Plan on Giving Your Clients a Holiday Gift?
Monday, December 19, 2011
Posted by: Rhette Baughman
By: Andrea Sittig-Rolf for The Huffington Post
Each year we're presented with the opportunity to show our clients how much we appreciate their business, their loyalty and their referrals. However, with this opportunity comes many gift-giving-etiquette questions and like most business opportunities, you can easily look foolish if you're not aware of the strategy involved. Read this first if you're planning on giving your clients holiday gifts this year, it might save your business' reputation!
Many questions arise when it comes to business gift giving including, if you can't afford to give gifts to all your clients, how do you decide which clients should receive one? How much should you spend? What type of gift is appropriate and what type is tacky? What if you have several contacts at one client's office? What kind of gift should you give if you not only want to show your appreciation for your client's business, but also want to continue to promote your business as well? Is it OK to give a gift that does both?
Now, if you're limited in funds and need to choose which clients should receive a gift, start by making a list, with the client who has made up the most of your revenue first. Then work your way down to the client who has made up the smallest amount of revenue for the year. Next, create groupings of clients by drawing a line after your top five, then the next five, and so on. By doing this, you can set up different price points for each grouping of clients.
The amount you spend really depends on what you want to spend and what your budget will allow. You may choose to divide your budget for client gifts equally or, you may choose to spend a little more on your top five clients, and then divide what's left among the rest.

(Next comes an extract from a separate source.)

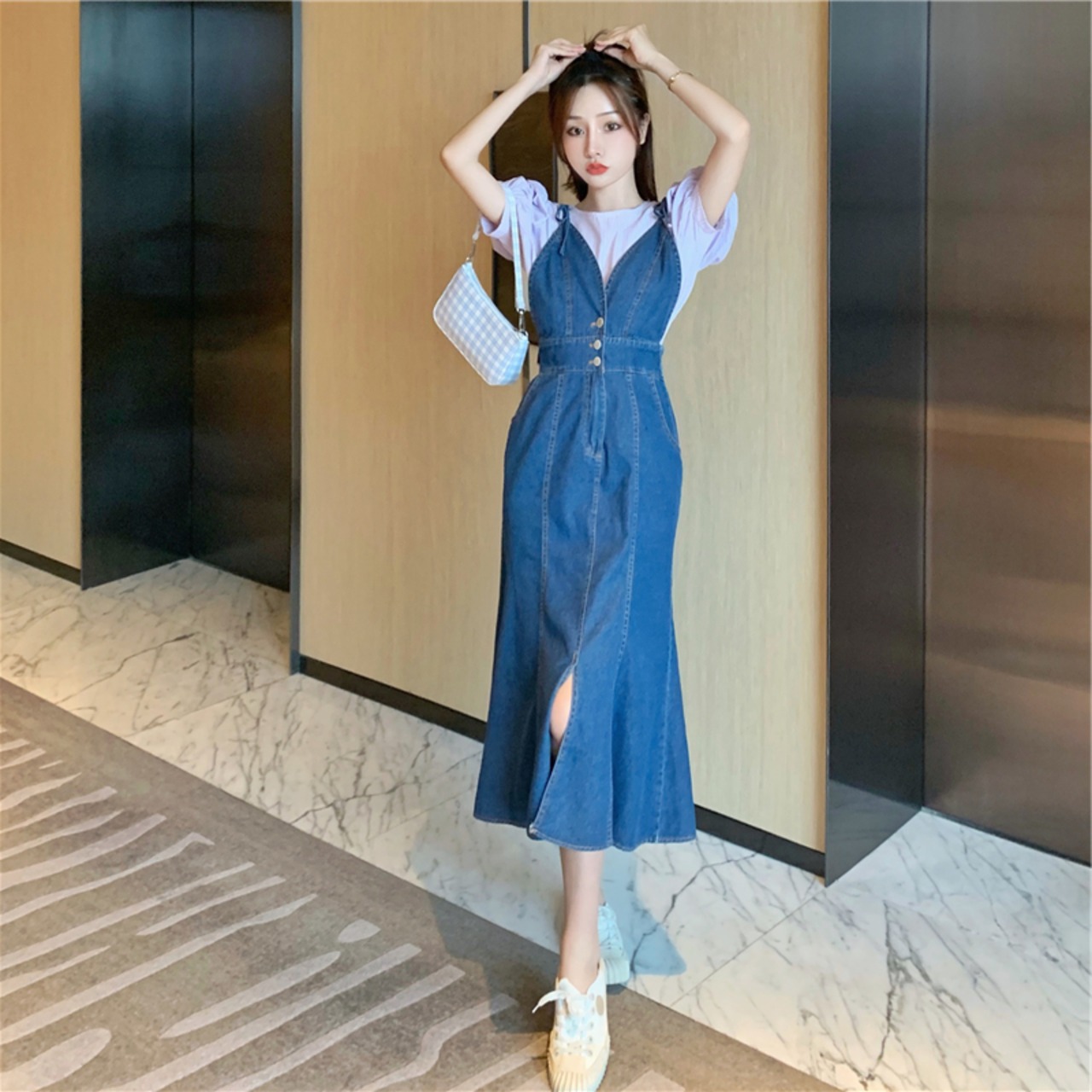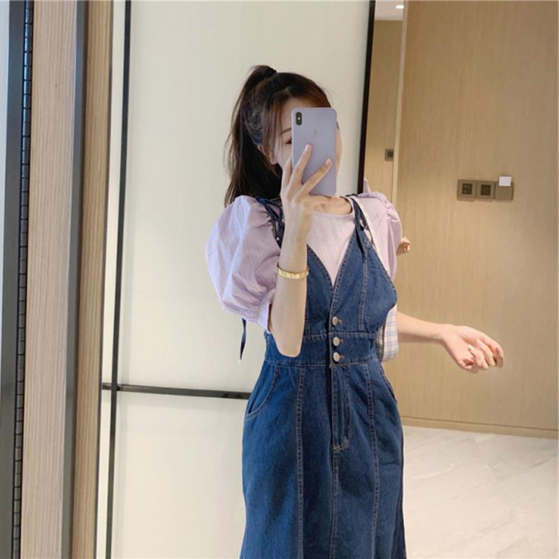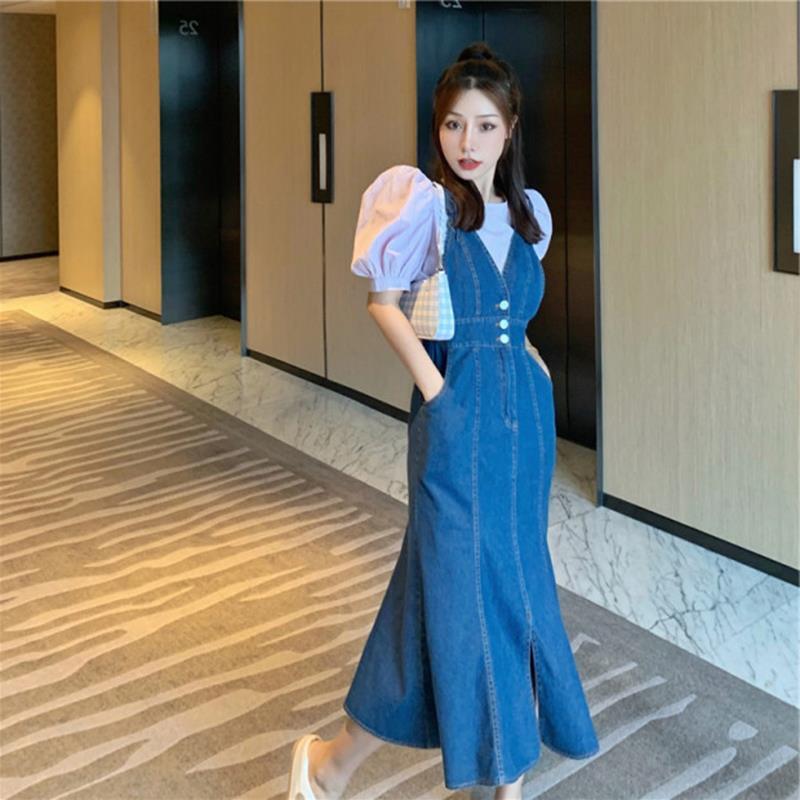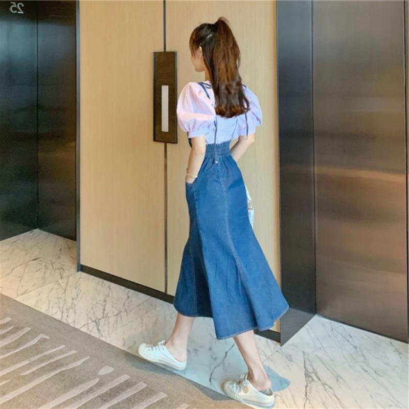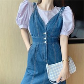 《入荷待ち》2点セット デニムワンピース ブラウス セットアップ デニムスカート ワンピース デニム サロペット ワンピース ミモレ丈 ひざ下丈 トップス パフスリーブ きれいめ キュート レディース キレセク

Now, you may also want to take the time to find out, subtly of course, whether your client is allowed to receive gifts from vendors, and if there is a maximum price point for which they can receive gifts. Some companies do not allow their employees to receive gifts of any kind from vendors; others will allow it with a price point of less than $50, for example. Still, other companies allow employees to receive gifts from vendors and don't have a price limitation. Knowing where your client stands in this scenario will prevent you from buying an expensive gift for a client who is unable to receive it, which could be embarrassing for both parties involved.
Depending on how well you know your clients, gifts pertaining to their personal interests are OK, but I don't recommend giving alcohol or tobacco as a general rule. It's always better to err on the safe side. Also, giving nuts or other items that people may be allergic to is always a little risky. If you have several contacts at one client's office, giving a gift that the office can share is a good idea, such as a gift basket with various food items.
Now, if you want to give something outside the box, giving an experience to those in your client's office may be a fun and different idea. For example, you could offer to take the entire office out for a movie, concert, or other type of entertainment (just make sure whatever you choose takes place outside of office hours).
Giving gifts during the holidays that also promote your business is OK, if the items are high quality. For example, I wouldn't recommend giving a cheap pen that has your logo on it as a gift, but a high-quality pen is OK. If you give something cheap your company will look cheap too. For example, giving a vinyl portfolio may not be received as well as a leather portfolio, and so on.
If you truly want to promote your business so that those other than your clients may inquire about what you have to offer, choose an item that your client will use every day and that will be seen by others. For example, the leather portfolio I mentioned above is something your client may use when attending meetings or networking events. If the portfolio is nice enough, others may ask about it, or about you, if your company logo is on the front of it.
If you have clients you consider "ambassadors" or "champions," in other words, they promote your business to others, you may want to consider putting the word "ambassador" behind or below your company logo to indicate your client is an ambassador of your products and services. By doing this, you invite others who may see your logo with "ambassador" written next to it to ask about your client and your company.
So, beware of holiday gift giving rules and always go with something tasteful. Happy gift giving and enjoy the holidays!